Activation of latent HIV virus
Activation of latent HIV virus
HIV therapy keeps the virus under control, but does not provide a cure. One cause is because HIV ‘hides’ in viral reservoirs, where it remains latent and invisible to the immune system. AMC researcher, Prof. Ben Berkhout, aims to identify how to re-activate latent HIV so that the virus can then be suppressed. He will study how antibodies interact and determine which factors are important for the re-activation of latent HIV.
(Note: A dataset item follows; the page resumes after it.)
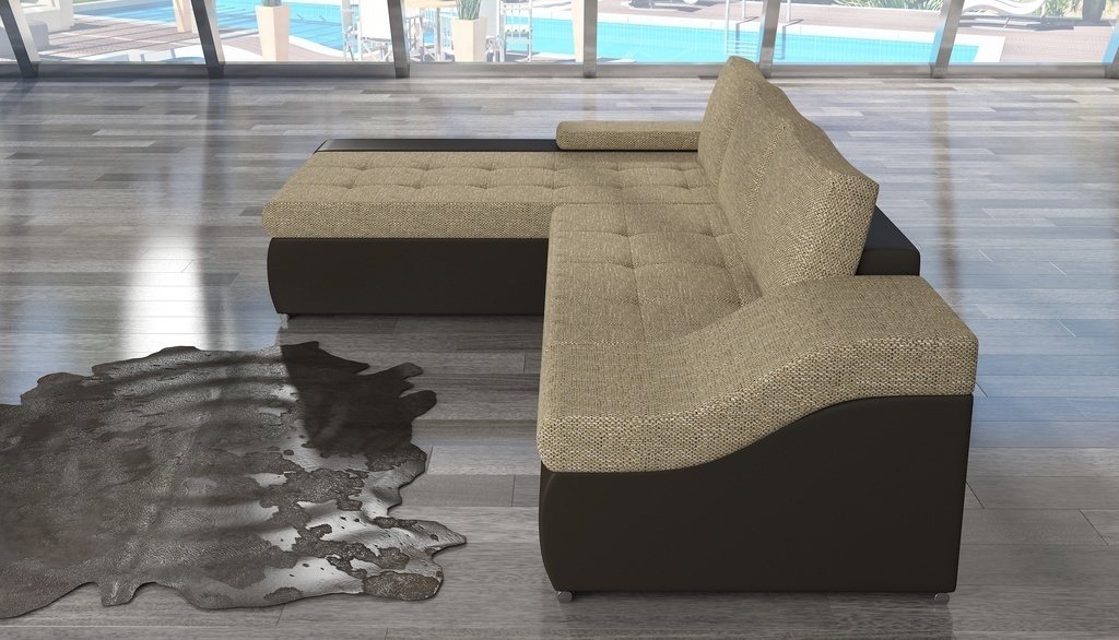 Rohová sedací souprava vyrobena z kvalitních materiálů poskytuje pohodlné posezení u televize a zároveň se díky zajímavému modernímu designu stane dominantou každého obývacího pokoje. Konstrukce soupravy je vyrobena z kombinace dřeva a dřevotřískové desky a výplň sedáků tvoří polyuretanová pěna s pružinami typu Wave. Pohovku lze navíc rozložit a vytvořit tak spací plochu o rozměrech 225x122cm vhodnou pro příležitostné přespání.

This project aims to study the activation of latent HIV-1 proviruses in primary T cells by dendritic cells.
The aims are:
1. To study the molecular mechanism of the DC-induced HIV-1 activation in primary T cells and determine the factors involved.
2 - To study HIV-1 activation from proviral latency in ex vivo experiments with HIV-1 infected CD4+ T cells from patients and different DC subsets.
3 - To study the different HIV-1 subtypes in their latency establishment and activation in primary T cells.
We have designed a model system using primary cells and wild-type virus to study HIV-1 latency early after infection and this may give us more information about the establishment and activation of this proviral reservoir.
people living with HIV
Eradication of HIV-1 from an infected individual cannot be achieved by the current drug regimens (2-4). Viral reservoirs are established early during infection, remain unaffected by anti-retroviral therapy and are able to restart systemic infection upon interruption of treatment. These viral reservoirs are not static but are replenished over time and represent the history of infection. Therapeutic targeting of viral latency will require a better understanding of the basic mechanisms underlying the establishment and long-term maintenance of these silent HIV 1 proviruses. This is particularly true for the resting memory CD4+ T cells that form the most prominent reservoir of transcriptional silent proviruses. The molecular mechanisms that control long-term transcriptional silencing of proviral gene expression in these cells are still poorly understood. Exploring the molecular details of viral latency establishment and activation in a physiological setting will provide new insights for future therapeutics that aim at viral eradication.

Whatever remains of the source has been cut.